Set down, exactly as written, the lines from the line holding "Just before serving, arrange" to the end of the data, inclusive, skipping any pictures.
------ Available records ------
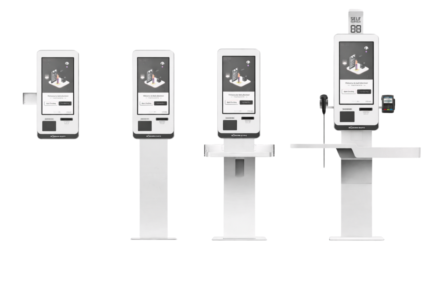 | Комплектующие | касса самообслуживания, дисплей 21,5", держатель банковского терминала, сканер Magellan 34X0, принтер чеков Epson EU30 |
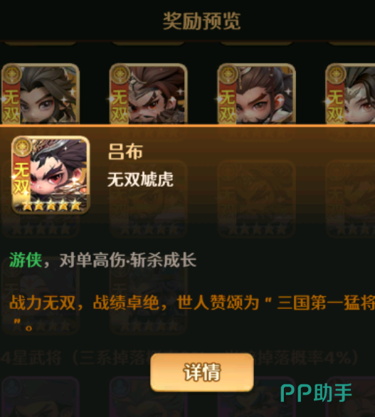 角色还有一个名叫无双飞将的技能,对方有一名成员死亡,玩家就能恢复8%的生命值,一技能触发伤害之后还会再次攻击生命值低于10的对手,这个技能的被动效果就是,可以在每一次攻击之后提升角色15的防御能力和事物的攻击能力,最多可以叠加10层,要想获得吕布的话就可以去求贤阁抽取,作为一个游侠角色,搭配起来是比较万能的,可以和张飞,马超这样的战斗角色搭配,你可以和孙尚香或者吕玲绮搭配。
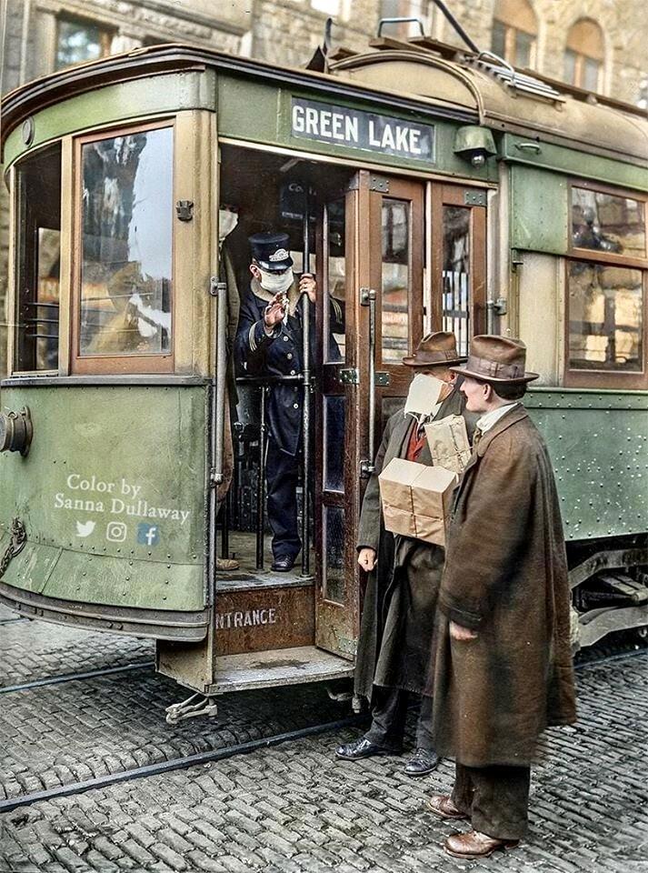 1918 год, США. Кондуктор в трамвае не пускает пассажира без маски во время эпидемии испанки.
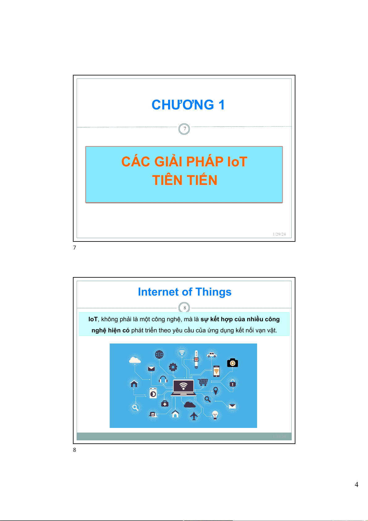 § Thực hành/Thí nghiệm/Bài tập/Thảo luận: 20% § Kiểm tra giữa kỳ: 10% § Kiểm tra cuối kỳ: 60 % 1/29/24 6 3 CHƯƠNG 1 7 CÁC GIẢI PHÁP IoT TIÊN TIẾN 1/29/24 7 Internet of Things 8
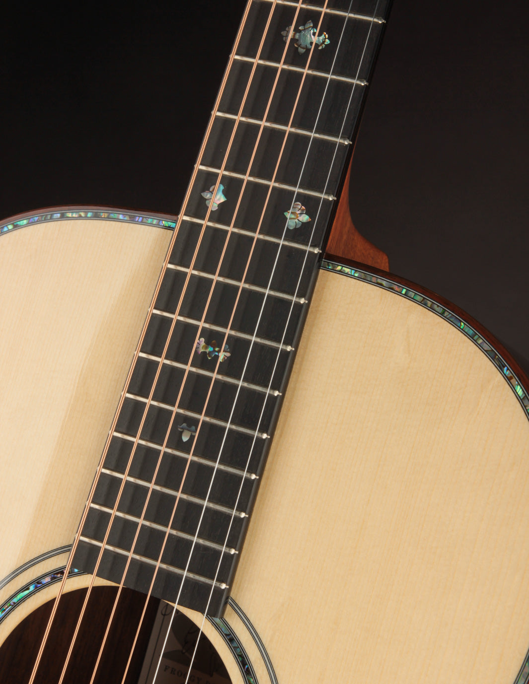 Madagascar Rosewood veneer w/Froggy Bottom logo in abalone
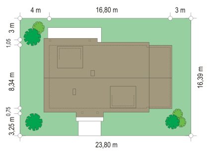 - Min. wymiary działki 23.80x16.39 m
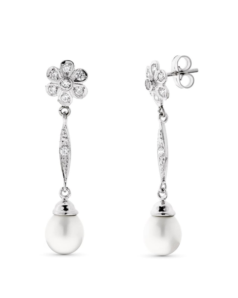 Confeccionados en oro blanco de 18 quilates con acabado pulido que realza tanto el brillo del metal como el de las circonitas engastadas. Las perlas cultivadas presentan un lustre natural excepcional que complementa perfectamente la luminosidad de las circonitas. El cierre de presión garantiza una sujeción segura y cómoda durante todo el día. Con un peso aproximado de 2,9 gramos, ofrecen una presencia notable sin resultar pesados.
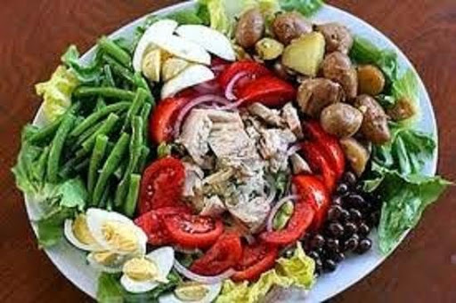 Just before serving, arrange lettuce leaves on plate, place tuna in middi and arrange potatoes, tomatoes, and green beans around tuna. Garnish with eggs and anchovies; pour remaining dressing over the tomatoes, and eggs. Serve immediately.
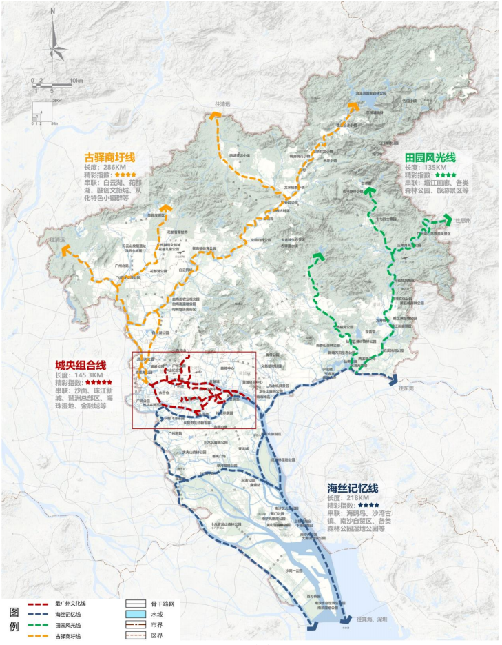 规划中提出,参照波士顿“自由之路”“翡翠项链”经验做法,以碧道沿线历史文化、生态资源、公共活动空间为基础,综合考虑资源位置、文化特色、生态效益、交通条件、建设条件等,策划了四片多条碧道主题特色游径,串联一批最能体现“广州味道”的文化资源、生态资源、活动空间,诉说广州故事,展示广州魅力。
------
▶ Solution to this task:
 Just before serving, arrange lettuce leaves on plate, place tuna in middi and arrange potatoes, tomatoes, and green beans around tuna. Garnish with eggs and anchovies; pour remaining dressing over the tomatoes, and eggs. Serve immediately.
 规划中提出,参照波士顿“自由之路”“翡翠项链”经验做法,以碧道沿线历史文化、生态资源、公共活动空间为基础,综合考虑资源位置、文化特色、生态效益、交通条件、建设条件等,策划了四片多条碧道主题特色游径,串联一批最能体现“广州味道”的文化资源、生态资源、活动空间,诉说广州故事,展示广州魅力。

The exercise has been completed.